The day you came to my house, after they took you away I sat with her and just
just sat with her for a while and
I thought perhaps I could mould her. Make her better. That’s something I can do, I mean, with children. They have such problems, and if they just understood that they were being ridiculous! I wanted to tell her that just because she felt trapped, she was just stuck inside her own mind—there are breathing exercises which can help with that kind of thing.
Breathing exercises!
I thought I could give her some breathing exercises and I was thinking that and then I thought
breathing exercises, to help her deal with the fact that my husband ordered her mother killed
her father taken away
is going to sell her to…
Breathing exercises!
Maybe some serum to massage into her temples too. A nice Chinese mint smell.
And I suddenly thought
I just don’t know anything about people, do I? I started laughing and she looked at me like I was insane and of course I was and I told her
I told her that I thought her troubles could be fixed with breathing exercises
and she looked very angry for a moment but then she saw that it was
and for a little while she was laughing too.
She was
she’s just a child.
I don’t pretend there’s a connection there I don’t pretend that we’ll ever have but
The vast majority of parenting appears to be ghastly. Poo and crying and refusing to eat things and breaking things and yet you ask a mother what the most important, wonderful thing in her life is and she always says ‘my child’ and you look at the wriggly little wretch in its smelly little buggy, dribble falling out of its mouth and snot out of its nose and you think, seriously, darling, because if that’s your joy and that’s your wonder then…
Well.
Maybe it would be easier to have a puppy. Or a cat. Lovely self-cleaning things, cats are.

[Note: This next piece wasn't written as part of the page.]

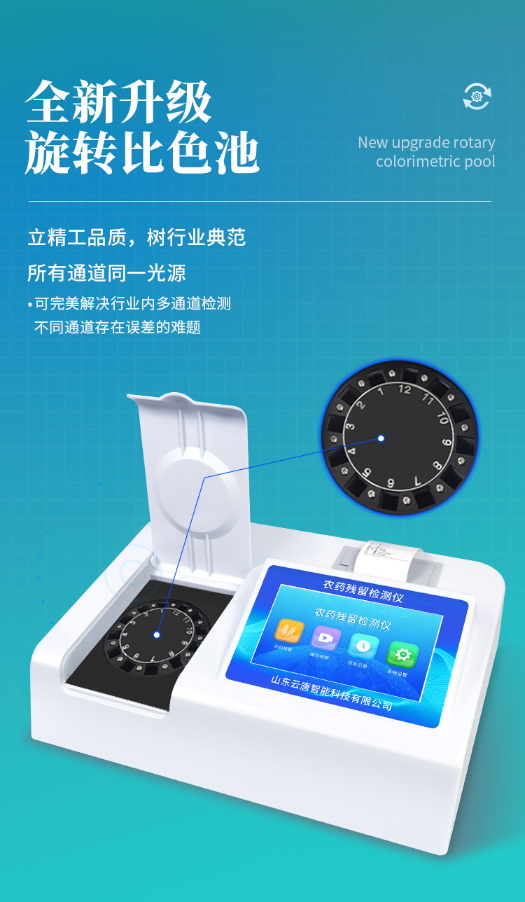 山東云唐智能科技有限公司生產(chǎn)的農(nóng)藥殘留檢測儀廣泛應(yīng)用于主要用于蔬菜、水果、茶葉、糧食、農(nóng)副產(chǎn)品等食品中農(nóng)藥殘留的快速檢測,依據(jù)國標(biāo)GB/T5009.199-2003進行檢測,適用于果蔬茶生產(chǎn)基地以及農(nóng)貿(mào)批發(fā)銷售市場現(xiàn)場檢測,餐館、學(xué)校、食堂、家庭果蔬加工前的安全速測等。

I wanted to talk to you, Mr. Miller.
I thought that perhaps
in its way
I owed it to you. Or maybe no, not to you you aren’t
but to Lucy.
I owe it to Lucy, to this child who is
she’s only a child she’s
I owe her, monstrous though she is. To tell you, to tell her father—she’s going to be all right. I’m going to, and I don’t care what Simon says I’m going to
she’s going to be all right. I’ll make sure of it I’ll make sure she’s…”
Theo’s heads fell into his hands, and from his mouth came a sound, an animal groaning, a grunt of physical pain a roaring a loss of everything a howling a
“Oh my is that um…” blurted Heidi, jumping to her feet. “Well yes I suppose it must be…”
staggering away
leaving the father behind.
And then
“Up! Move!”
He couldn’t be buggered, and let the men carry him down the hall.
New grey tracksuit.
Wash face.
Wash hands.
Have a piss.
Eat cereal. His stomach couldn’t handle it, he had to go straight back to the toilet, blurgh, just
down to a cluster of three cars, engines running.
The middle black car, tinted windows, heavy doors, into the back into the middle seat seat belt on!
They drove away.
Chapter 80
Theo Miller sits at the centre of the universe, on the way to his execution, and knows that time has no meaning.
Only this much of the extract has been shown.